I tell parents, family members, and patients that right now the general consensus among all researchers in the field is that bipolar disorder or most psychiatric disorders cannot be diagnosed using any kind of brain imaging. In fact, at this point brain imaging does not inform diagnosis or treatment selection, particularly for bipolar disorder.

I do tell them there are private enterprises that use brain imaging more as a clinical gestalt tool because most of their data have not been published and have not been rigorously analyzed to figure out what are signs associated with specific diagnoses or specific treatment response. A clinician involved in such enterprises might see that the last five people treated with a certain medication who had a certain symptom complex did really well on a specific drug. The clinician will then continue that drug. It is almost as if they are using this tool in the same manner, saying, “The last five people we saw with this brain pattern responded well to this medication profile, so we will use this.” Some have received positive results but some have not. I just caution them to be completely aware of the possible pitfalls of that approach.

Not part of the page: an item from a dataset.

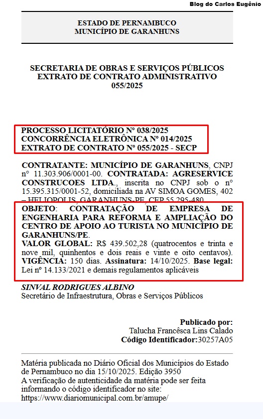 De acordo com o extrato do Contrato nº 055/2025, publicado no Diário Oficial dos Municípios de Pernambuco nesta quarta-feira, dia 15, a Empresa foi contratada através da Concorrência Eletrônica nº 014/2025, vinculada ao Processo Licitatório nº 038/2025. O documento foi assinado nesse dia 14, pelo secretário de Infraestrutura, Obras e Serviços Públicos, Fá Albino.

That is all a long-winded way to say that we really have no idea or evidence that these things work at all. I do not recommend obtaining brain imaging for diagnostic purposes at this time, but it is an excellent research tool, and we are getting close to making it useful clinically.  PP

 

References

1.    Diagnostic and Statistical Manual of Mental Disorders. 4th ed. Washington, DC: American Psychiatric Association; 1994.
2.    Moreno C, Laje G, Blanco C, Jiang H, Schmidt AB, Olfson M. National trends in the outpatient diagnosis and treatment of bipolar disorder in youth. Arch Gen Psychiatry. 2007;64(9):1032-1039.
3.    Birmaher B, Axelson D, Goldstein B, et al. Four-year longitudinal course of children and adolescents with bipolar spectrum disorders: the Course and Outcome of Bipolar Youth (COBY) study. Am J Psychiatry. 2009;166(7):795-804.
4.    Tillman R, Geller B. Controlled study of switching from attention-deficit/hyperactivity disorder to a prepubertal and early adolescent bipolar I disorder phenotype during 6-year prospective follow-up: rate, risk, and predictors. Dev Psychopathol. 2006;18(4):1037-1053.